Generator => Input : 1 x 128 x 128 | Output : 3 x 128 x 128
Discriminator => Input : 3 x 128 x 128 | Output : [3 x 128 x 128, 1]

I want one of the discriminator outputs to be a MAE loss which regresses to an RGB Image and the other output to be the normal discriminator output (0 or 1) to discriminate whether the input is fake or not... the diagrams have been shown in the previous comment.

The usual way (without the regressor) is to use 'Binary Cross-Entropy' loss for both the Generator and the Discriminator and also the model which consists of them both...

But right now, I don't know how to choose the loss for the models... what kind of loss should I give the generator to account for both the discriminator's 'MAE' and 'BCE' losses ?

here's what I did :

discriminator = discriminator_model()
generator = generator_model()
discriminator_on_generator = Model(input=generator.input, output=discriminator(generator.output))

generator.compile(loss=['binary_crossentropy'], optimizer='adadelta')
discriminator_on_generator.compile(loss=['mae', 'binary_crossentropy'], loss_weights=[0.5, 1.0], optimizer='adadelta')
discriminator.compile(loss=['mae', 'binary_crossentropy'], loss_weights=[0.5, 1.0], optimizer='adadelta')

This settings gives me 3 Losses whenever I call discriminator.train_on_batch() or discriminator_on_generator.train_on_batch() and I don't know where the third loss comes from...

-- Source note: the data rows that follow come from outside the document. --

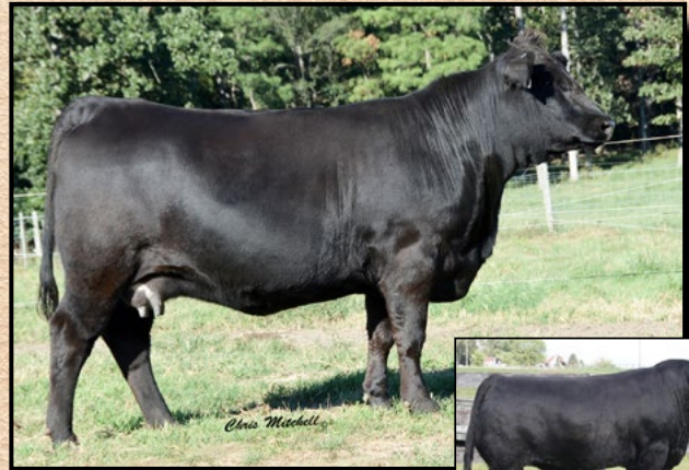
CAROLINA 3326A DONOR DAM OF LOT 21 EMBRYOS

When we purchased Carolina 3326A ET during the 2019 National Sale in Denver we were excited to add her as a cornerstone breeding piece for our programs. Carolina 3326A is a homozygous black, homozygous polled, full sister to Carolina Exclusive 1230Y. Her performance, eye appeal and EPD profile allow numerous mating options. Her flush to Godfather was at the top of our list of "to dos" and we are anxious to see the resulting offspring from this tremendous mating. We are offering 4 frozen Grade 1 embryos sired by Godfather with a guarantee of 2 pregnancies if implanted by an agreed to embryologist. An additional frozen embryo will be supplied for each pregnancy less than two. Up to two additional embryos total may be supplied to fulfill the guarantee.
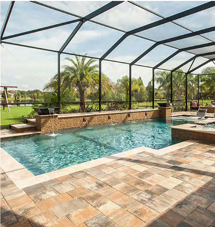
Victory Paver in Cream / Beige / Charcoal, Random Pattern
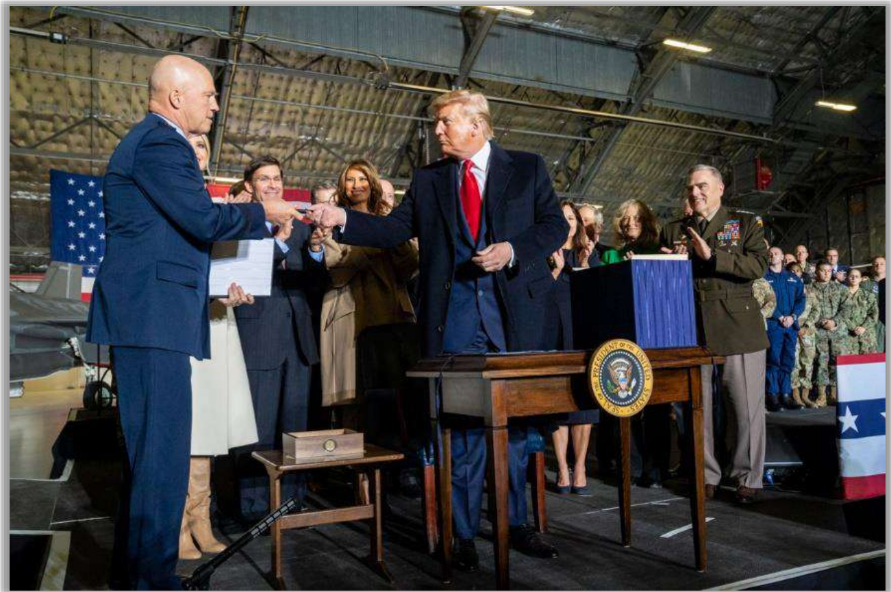
President Donald J. Trump greets General John W. “Jay” Raymond after signing the 2020 National Defense Authorization Act establishing the United States Space Force at Hangar 6 at Joint Base Andrews on December 20, 2019.
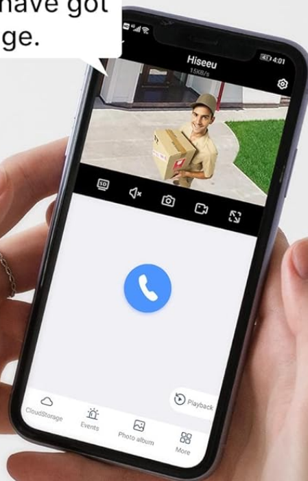
Figure 5.4: Flexible Remote Access & One-Way Audio

This image illustrates the remote access capability and one-way audio feature, allowing users to monitor and listen to activity at their property via the Hiseeu app.
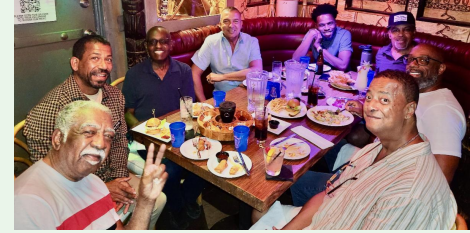
Community Advisory Board for the Barbershop Project held their first meeting on July 5th
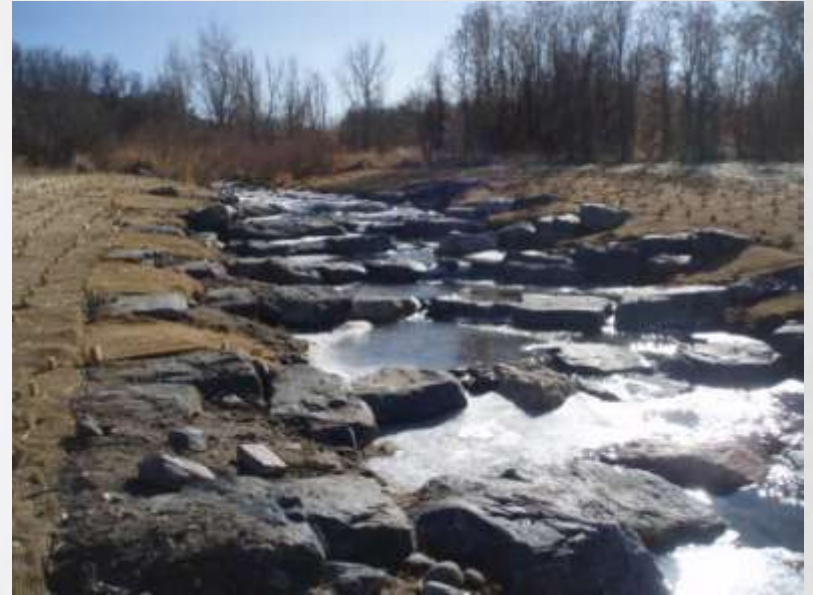
2020 COMPLETED PROJECT IMPROVEMENTS: MCMURDO GULCH PRIORITY 1 IMPROVEMENTS
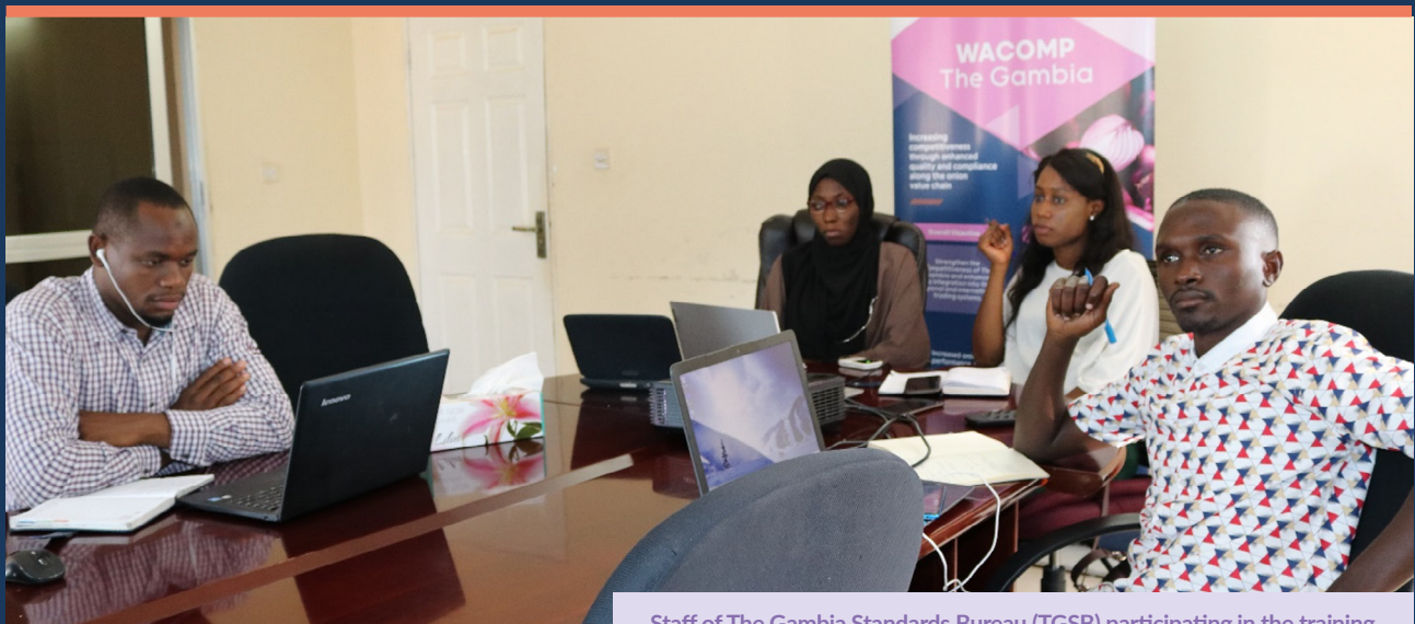
Staff of The Gambia Standards Bureau (TGSB) participating in the training

“My expectations from the participants are that they will utilise the knowledge gained and share with their colleagues as the training was a privilege and rare opportunity,” he said.
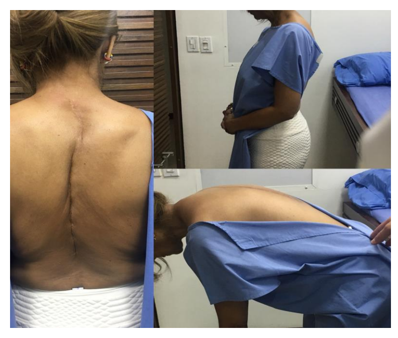
FIG. 4. Healed surgical wound (left). Independent stand up position (upper right). Adequate mobility (lower right).

Our patient showed satisfactory functional outcome (FIG. 4). Radiotherapy has been established as a successful treatment and different protocols have been used in individual cases, to avoid transformation to multiple myeloma, which occurs in 50% of the cases within 5 years [10,11]. Plasmocytoma have a significantly higher 5-year survival rate compared to multiple myeloma, which is 75% vs 32%, respectively [13,14]. Knobel et al. [15] demonstrated that, in solitary tumors less than 5 cm in size, local control was attained with moderate dose radiation at a rate of 91%; and 73% in those >5 cm. Extradural Plasmocytoma causing compressive myelopathy is exceedingly rare, and to the best of our knowledge, only a few cases have been reported in literature [16-22].

dieuwkehupkes · 2016-11-01T22:44:11Z

The way you setup the loss (putting a different one for the two output units) seems fine. Maybe the third 'loss' you see during training is actually a default metric?

I have trouble reproducing the issue, could you maybe past your code in a gist and send the link?

Neltherion · 2016-11-02T02:55:11Z

Sure... Here's the gist.

Thanks!

dieuwkehupkes · 2016-11-02T07:40:25Z

I get an error when running your code because there is still a reference to a folder higher in your directory. When I call discriminator_on_generator.loss I just get two losses, as you specified.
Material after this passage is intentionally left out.